Here's the data on when patients began treatment and when they ended their treatment.
id t0 t1
0 58 680
1 95 1416
2 189 1247
3 207 532
4 402 1136
5 412 501
6 431 1851
7 550 1414
8 581 1339
9 770 2325
10 809 1498
11 841 1339
12 880 1563
13 903 2664
14 939 1451
15 980 2920
16 1106 2103
17 1107 1291
18 1155 1792
19 1159 1654
20 1200 1968
21 1247 1574
22 1422 2247
23 1449 1544
24 1499 2310
25 1582 1755
26 1677 2142
27 1786 2920
28 1799 2108
29 1803 2729
30 2097 2723
31 2101 2639
32 2225 2419
33 2254 2920
34 2496 2920
35 2500 2920
36 2507 2920
37 2562 2730
38 2590 2870
39 2663 2920
40 2701 2838
41 2711 2920The first column is the patient id, the second column is when the patient started dialysis (number of days since the start of the review period), and the third column is when the patient ended dialysis (again in number of days).
There were 42 patients in this study. The average patient stayed in the study for 640 days (1.8 years). We will divide the number of days by 365 in most graphical presentations of the data to show time in years rather than days.
This graph shows the cumulative number of patients at risk of an adverse event at any time point in the review period.

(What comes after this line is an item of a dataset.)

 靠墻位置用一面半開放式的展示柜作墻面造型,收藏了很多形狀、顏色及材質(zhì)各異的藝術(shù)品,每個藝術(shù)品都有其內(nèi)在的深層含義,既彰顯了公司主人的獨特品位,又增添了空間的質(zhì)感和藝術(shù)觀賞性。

The vertical line segments at the bottom of the graph represent the times that patients began dialysis and the segments at the top of the graph represent the times that patients ended dialysis. Each time a patent begins dialysis, the graph jumps up one unit. Every time a patient ends dialysis, the graph drops one unit. At the busiest time, there were 17 patients on dialysis. The graph falls to zero at 8 years, not because all patients were removed from dialysis, but because that represented the end of the observation period.
Notice that this graph generally climbs for the first three years, drops of a bit then is roughly level for years 4 through 8. This is not surprising because only patients who began dialysis during the eight year observation window were included in the study.

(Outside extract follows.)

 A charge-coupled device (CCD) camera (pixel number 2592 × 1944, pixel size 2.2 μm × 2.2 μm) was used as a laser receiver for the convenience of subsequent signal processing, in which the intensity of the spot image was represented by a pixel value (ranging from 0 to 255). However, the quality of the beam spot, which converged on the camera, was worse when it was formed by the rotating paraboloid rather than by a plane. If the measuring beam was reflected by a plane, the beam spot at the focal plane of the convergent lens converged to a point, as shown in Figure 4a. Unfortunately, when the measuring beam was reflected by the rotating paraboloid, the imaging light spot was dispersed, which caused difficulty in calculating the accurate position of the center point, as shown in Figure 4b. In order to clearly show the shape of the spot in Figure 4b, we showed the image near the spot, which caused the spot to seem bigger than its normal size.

Here are the times of exit site infections:
id tx
0 643
0 657
1 143
1 203
1 756
1 900
1 1122
1 1331
2 596
3 231
4 905
4 953
4 986
6 680
6 1273
6 1410
6 1485
6 1584
7 967
9 1292
12 1442
13 1331
13 1351
13 2528
13 2658
14 949
14 1261
14 1447
16 1250
21 1267
27 1947
33 2520
33 2767
35 2769Notice that some patients experience more than one exit site infection and some patients experience no infections. You might already notice something interesting with the data. About half of the events have three digit days (days in the hundreds). Since the full time range is from zero to a bit less than 3 thousand, you would expect only about a third of these events to have three digit days. This is possible evidence that these events occurred more frequently early in the review period rather than later. A careful analysis, of course, would have to control for the number of patients at risk during these time intervals.
Here is the data on times of peritonitis.
id tx
0 218
1 652
1 1265
1 1328
3 237
7 641
7 1004
7 1080
9 978
9 1036
9 1236
9 1974
9 2116
10 904
10 1305
13 1815
13 1983
13 2082
14 949
15 2859
20 1959
24 1977
24 2089
25 1620
25 1641
27 1803
27 2354
27 2520
28 1809
28 2054
33 2351
41 2740
41 2755The graph below shows the cumulative number of patient years over the eight year study (you can get this by integrating the figure shown above). This graph also notes the occurrence of exit site infections using a red plus sign.
Here's a second graph with occurrence of peritonitis marked with a red plus sign.
The horizontal distance between successive plus signs represents the waiting time in years between the successive patients. The vertical distance between successive plus signs represents the waiting time in patient-years. It's a subtle but important difference. By calculating the number of patient-years between successive events, you can It adjusts for the fact that during the first two or three years of observation, there were fewer patient-years of data compared to successive years.
If you plot the patient-years between successive exit site infections, you will see the following control chart.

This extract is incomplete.